The values of the elements in the association hypergraph are the similarity measurements between the corresponding elements. For similarity among the vertices, we used a compound (metabolites) similarity score for which numerous metrics are available^40,41. Specifically, we selected the similarity score calculated by ChemMine tools, which have an R interface to recognize the CID number of the compounds⁴². When a similarity score is missing for a compound pair, the value is set as an average of all compound pairs (please see Supplementary Data 3). For similarity between hyperedges, the specific values can be determined using hierarchical taxonomy or sequence similarity^33,34,43,44. We used hierarchical taxonomy in this study. Briefly, we firstly determine the lowest class in the hierarchy shared by the EC number of the two enzymes. For example, considering Enzyme (1.1.1.1) and Enzyme (1.1.1.2), the lowest class is (1.1.1.-). Then, we calculate the similarity score as the inverse of the numbers of all enzymes belonging to this class.

We introduce the parameter λ ranging from 0 to 1 to balance the weights between the vertices and hyperedges³⁴. The hyperedge similarity was multiplied by a factor of (1 − λ), whereas that of the hypervertex was λ. This parameter will directly affect the direction.

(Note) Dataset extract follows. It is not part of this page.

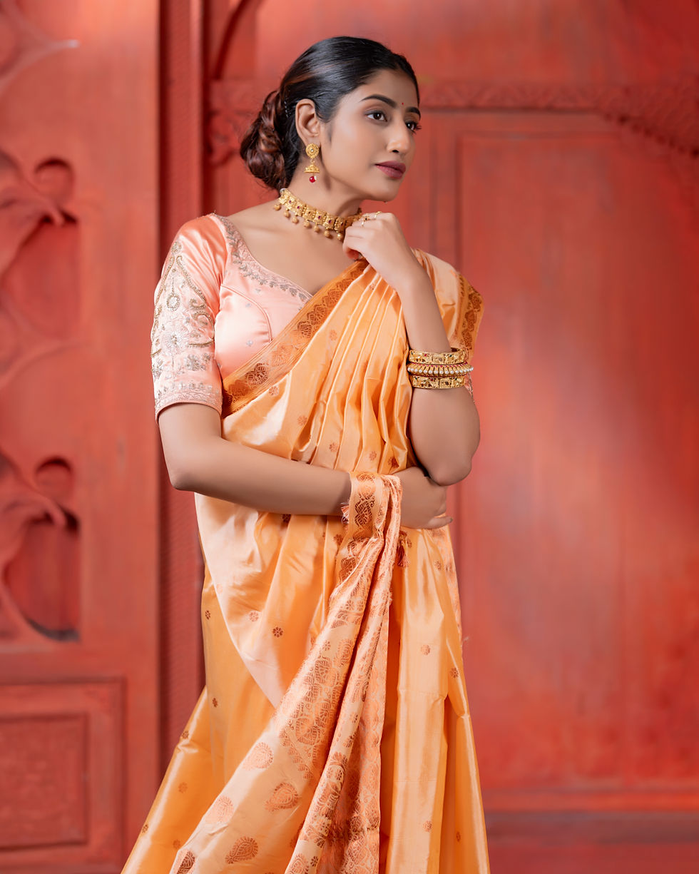 Pure Mulberry Silk Peach-Apricot With Golden Zari Threadwork

Formalization of hypergraph matching

The alignment of two metabolic hypergraphs can be represented using the matrix X {x_i = 0, 1 | x_i ∈ X}⁴⁴. The dimension of X is n^a * n^b, which represents the vertices in the two hypergraphs. After the transformation of this matrix, we obtain a binary vector X. The elements of X are arranged in accordance with the sequence of the vertices of the two networks ${x}_{{a}_{i}{b}_{j}}=1$ represents the matching between the ith vertex of G^a and the jth vertex of G^b. ${x}_{{a}_{i}{b}_{j}}=0$ represents no matching between the ith vertex of G^a and the jth vertex of G^b. Then, the score of any alignment is a tensor product that can be represented by the following formula:

$$S(x)=H{\otimes }_{1}x{\otimes }_{2}x\,\cdots \,{\otimes }_{K}x$$

(2)

Thus, the hypergraph matching problem can be considered as a vector x^m that maximizes the tensor product under the above constraints, which is formalized as follows:

$$\begin{array}{c}{x}^{m}={\rm{\arg }}\,{\rm{\max }}\,S(x)\\ s.t.\,x\in {\{0,1\}}^{{n}^{a}{n}^{b}},\,\forall i\sum _{m=1}^{{n}^{a}}\,{x}_{{i}_{m}}\le 1,\,\forall m\sum _{i=1}^{{n}^{b}}\,{x}_{{i}_{m}}\le 1\end{array}$$

(3)

Algorithm solving hypergraph matching

Currently, the solutions to the hypergraph matching problem of Eq. (3) all seek the optimal values of the equation first and then discretize these values via a greedy algorithm^27,34,45. Despite relaxation, this problem remains a NP-hard problem, and we can only seek an optimal approximate solution in the actual calculation^27,31,45. These approaches seek the maximum Z-eigenvector and the eigenvalue of this tensor. Given that the tensor is supersymmetric, this approach is equivalent to identifying the best symmetric rank-1 approximation of a symmetric tensor^46,47, and the problem can then be solved using tensor power iterations based on spectral matching⁴⁸. Here, we used the shifted symmetric higher-order power method (SS-HOPM), which was introduced by Kolda et al.³⁰. Specifically, after the constraints of Eq. (3) are relaxed to 2-norm constraints, Eq. (4) can be obtained:

$$\begin{array}{c}{\rm{\max }}\,\gamma \\ s.t.\,H{\otimes }_{1}x{\otimes }_{2}x\,\cdots {\otimes }_{k-1}x={\rm{\gamma }}x,\,{x}^{T}x=1\end{array}$$

(4)

This algorithm sets an initial value that satisfies x^T x = 1 and then performs the following repeated iterative processes as Algorithm 1:

$${x^{\prime} }_{n+1}=H{\otimes }_{1}{x}_{n}{\otimes }_{2}{x}_{n}\,\cdots \,{\otimes }_{K-1}{x}_{n},\,{x}_{n+1}=\alpha {x}_{n}+(1-\alpha ){x^{\prime} }_{n+1}/{\Vert {x^{\prime} }_{n+1}\Vert }_{2}$$

(5)

where α is a shift parameter that affects the convergence speed and ranges from 0 to 1. This procedure converges to a stationary point, which is a good approximation of the global optimum.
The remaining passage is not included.